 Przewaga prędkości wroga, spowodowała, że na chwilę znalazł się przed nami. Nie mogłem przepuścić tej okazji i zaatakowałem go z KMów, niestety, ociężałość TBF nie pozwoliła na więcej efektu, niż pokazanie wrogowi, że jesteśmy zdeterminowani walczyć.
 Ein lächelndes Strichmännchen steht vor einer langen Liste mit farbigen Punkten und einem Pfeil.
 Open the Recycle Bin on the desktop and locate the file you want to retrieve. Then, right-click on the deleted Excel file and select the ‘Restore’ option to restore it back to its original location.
---
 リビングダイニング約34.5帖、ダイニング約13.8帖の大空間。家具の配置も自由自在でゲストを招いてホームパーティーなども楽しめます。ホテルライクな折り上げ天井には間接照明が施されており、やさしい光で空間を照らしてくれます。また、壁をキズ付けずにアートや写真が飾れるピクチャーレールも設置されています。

### Task statement
Taking the line with "Przewaga prędkości wroga, spowodowała, że" as the first and the line with "Open the Recycle" as the last, retype that stretch of the data above exactly, with no other lines.

### Written response
 Przewaga prędkości wroga, spowodowała, że na chwilę znalazł się przed nami. Nie mogłem przepuścić tej okazji i zaatakowałem go z KMów, niestety, ociężałość TBF nie pozwoliła na więcej efektu, niż pokazanie wrogowi, że jesteśmy zdeterminowani walczyć.
 Ein lächelndes Strichmännchen steht vor einer langen Liste mit farbigen Punkten und einem Pfeil.
 Open the Recycle Bin on the desktop and locate the file you want to retrieve. Then, right-click on the deleted Excel file and select the ‘Restore’ option to restore it back to its original location.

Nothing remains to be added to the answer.